Reflections on the Start of Lent

Collect for Ash Wednesday

So it’s Lent. And what is Lent, anyway? We might perhaps think of it as that annual morose and mopey time of year, marked by giving up some treasured food or habit, that engenders a sense of holy deprivation which is supposed to be good for us. But neither moping nor deprivation is the point, nor the true value.

Lent, as a season of penitence, intrudes on our distracted and unexamined lives annually. This intrusion is needed. Left to my own devices, I would remain distracted, barreling through yet another year without considering what might—indeed should—be different. As such, Lent is a needed interruption for me. It calls me, invites me, to stop and consider where I am failing to love the Lord my God with all my heart, soul, mind, and strength and to love my neighbor as myself. And we are all failing in some way to do one or both of those things—in thought, word, or deed. Lent is a stopping place for just that purpose. Let us thank the Lord for the intrusion.

The point of taking the season for this kind of self-examination is expressed beautifully in the collect for Ash Wednesday, which asks that God would “create and make in us new and contrite hearts, that we, worthily lamenting our sins, and acknowledging our wretchedness, may obtain of [him], the God of all mercy, perfect remission and forgiveness.”

The point and value of Lent is that it gives us opportunity to cooperate with the Lord, so that he would create new and contrite hearts within us, leading us to forgiveness in him.

Well, with all that lamenting and wretchedness-acknowledging, at least the morose and mopey part seems accurate.
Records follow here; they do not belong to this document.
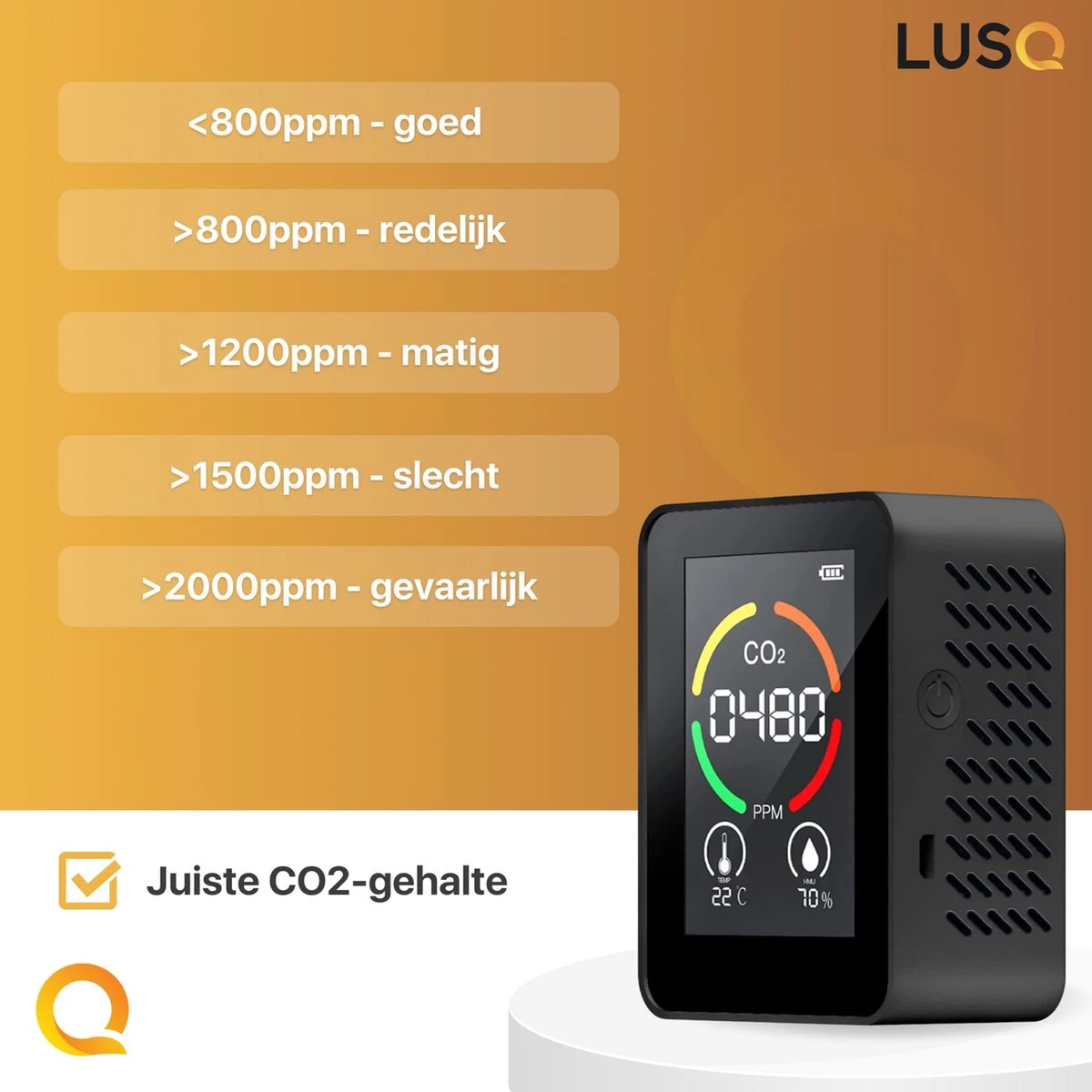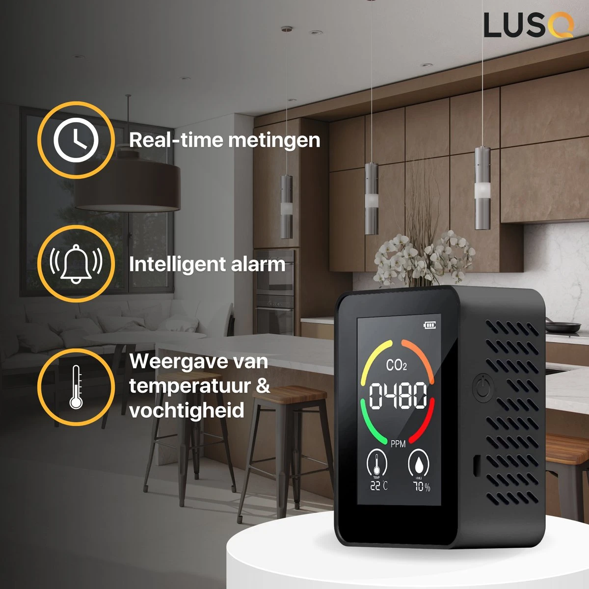 Met de CO2 meter, melder en monitor inclusief thermometer van LUSQ kunt u direct de kwaliteit van de lucht meten en tevens ook zien wanneer de omgeving effect kan hebben op jouw gezondheid. Verschijnselen zoals hoofdpijn, duizeligheid en vermoeidheid ontstaan vaak door een te hoog CO2-gehalte. Bescherm jezelf, je familie en medemens met een van de luchtkwaliteitsmeters van LUSQ. Ontdek meer over de compacte en oplaadbare CO2 meter!
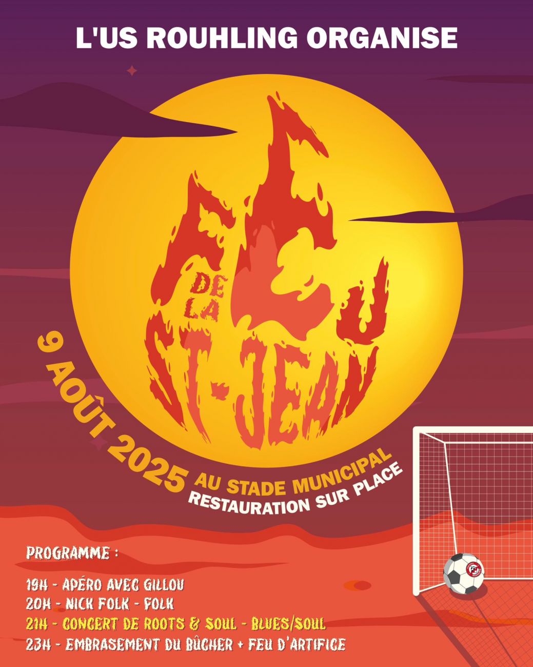 Le samedi au soir, l’union sportive de Rouhling organise son feu de la Saint-Jean au stade municipal de la commune. L’animation débutera dès 19h, avant que le bûcher soit allumé, aux alentours de 23h, suivi d’un feu d’artifice.
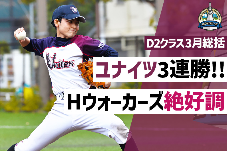 グッと暖かくなり桜が咲き始めた3月、MIAYBI、IKIのD2クラスは各チームが積極的に始動している。このクラスは新規参加チームの活躍が目立ち、光が丘Walkers は打撃好調で2勝1分、広島国際カープ は逃げ切りで開幕戦勝利、ユナイツ は3月に2連勝し2月から3連勝となり首位をキープしている。
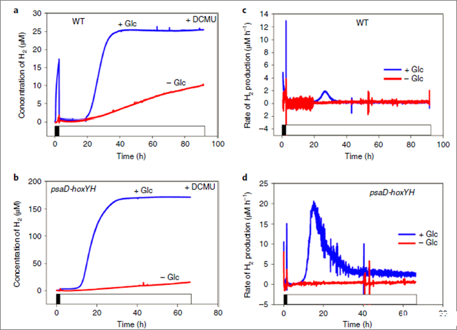圖5、在DCMU存在下,WT和psaD-hoxYH中對葡萄糖依賴性及持久的光和產H 2。通過在開始測量之前用氬氣吹掃培養物10分鐘來達到厭氧條件。a,b,WT(a)和psaD-hoxYH(b)中的光合產H2濃度。c,d,WT(c)和psaD-hoxYH(d)中的光和產H 2的生產率。圖的底部用黑色(熄滅)和白色(點亮)框表示照明條件。

Kind of. The lament—godly sorrow, Paul tells us—brings 
repentance that leads to salvation without regret” (2 Cor 7:10). “Weeping may tarry for the night, but joy comes with the morning” (Psa 30:5). It is my conviction that the deepest rhythm of repentance is joy—the joy of restoration, of forgiveness, of coming home.

So I invite and exhort us all to welcome the interruption of Lent, to examine our lives, and to know the joy of repentance. May we all, this Lent, come home again to the Lord.